The difference between industrial tea and handcrafted tea
- TOBI-EN
- Oct 28, 2020
- 2 min read
Updated: Jul 17, 2021

The Japanese green tea that most people can buy is actually not handpicked tea. Its tea is harvested with machinery rather than hand. And therefore, more economical. Today, handpicked teas are rare to be seen in Japan. Most of the tea produced in Japan is harvested by machines and does not have that mellow and smooth flavor and aroma handpicked tea has. Handpicked tea, no matter if Sencha, Gyokuro, or Tencha is very precious. The tea trees used for handpicking and machine harvest are grown in different ways. They have different shapes to provide an optimal picking result. Tea fields that are going to be harvested by machinery have an oval shape, tea fields for the manual harvest look rather wild because the people harvesting the leaves can choose which leaves they want to pick. A machine cannot do this. For the automated harvest, they need to cut the leaves at a certain height to get the best result.
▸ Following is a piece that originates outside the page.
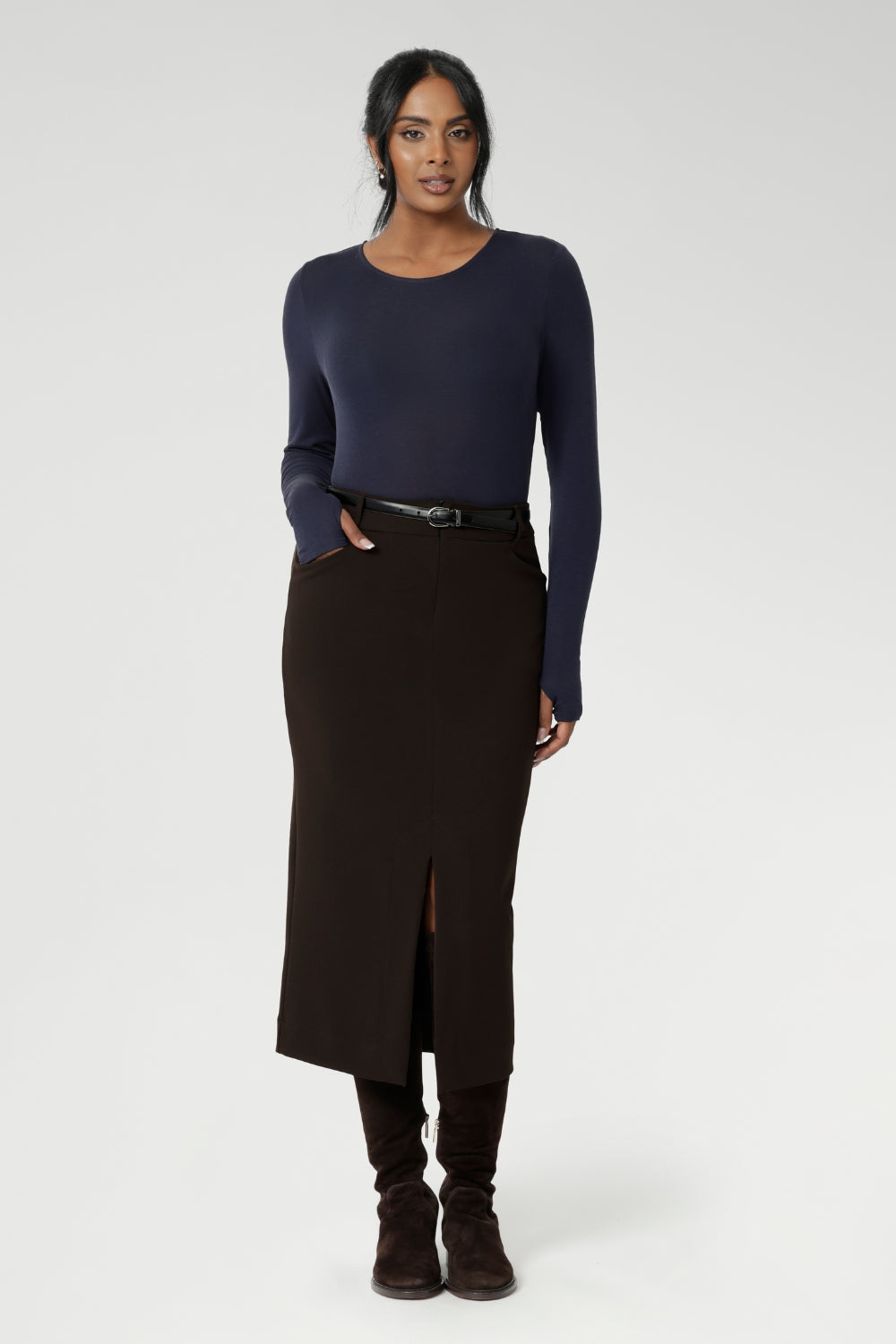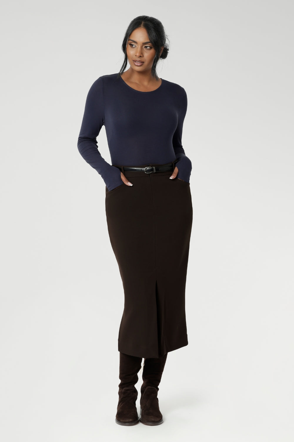 Aaron Midi Skirt in Cocoa

Generally speaking, there are three different methods of handpicking:
- Niyo Tsumi (1 bud with 2 leaves)
The first two leaves from the tip of the stem are going to be picked. Only the finest quality of Gyokuro and Sencha are made with these leaves.
- Sanyou Tsumi (1 bud with 3 leaves)
The first three leaves from the tip of the stem are going to be picked. Only high quality Gyokuro and Sencha are made with these leaves.
- Hutsu Tsumi (1 bud with 4 to 5 leaves)
The first four or five leaves from the tip of the stem are going to be picked. This picking method is used for "normal" quality tea.
The tea plant used for black tea production has rather large leaves, compared to the plant used for green tea. Because of the size of the leaves, larger leaves are more suitable for fermented tea or semi-fermented tea. For green tea, smaller tea leaves are preferred, but also make less tea amount. Outside of Japan, in almost all major tea production countries, over 90% of the leaves are picked by hand. Because of much lower labor costs. Also, other picking methods lead to a much bigger amount of picked leaves a day. In Sri Lanka, a tea-picking woman makes around 50kg of leaves a day. Depending on the level of skills, and tea picking technique, one person only picks between 10-35kg of leaves a day in Japan. And through all the following processing steps following the hand picking, in the end, we end up with around only 4-9kg ready to sell tea for 20kg of processed leaves.
And just keep in mind, handpicking takes a lot of time and money. So, regular tea plantations use scissors and machines to offer very good tea at reasonable prices to the whole of Japan. And only the finest tea is made with the most sensitive tea buds picked by hand and sold for a rather expensive price.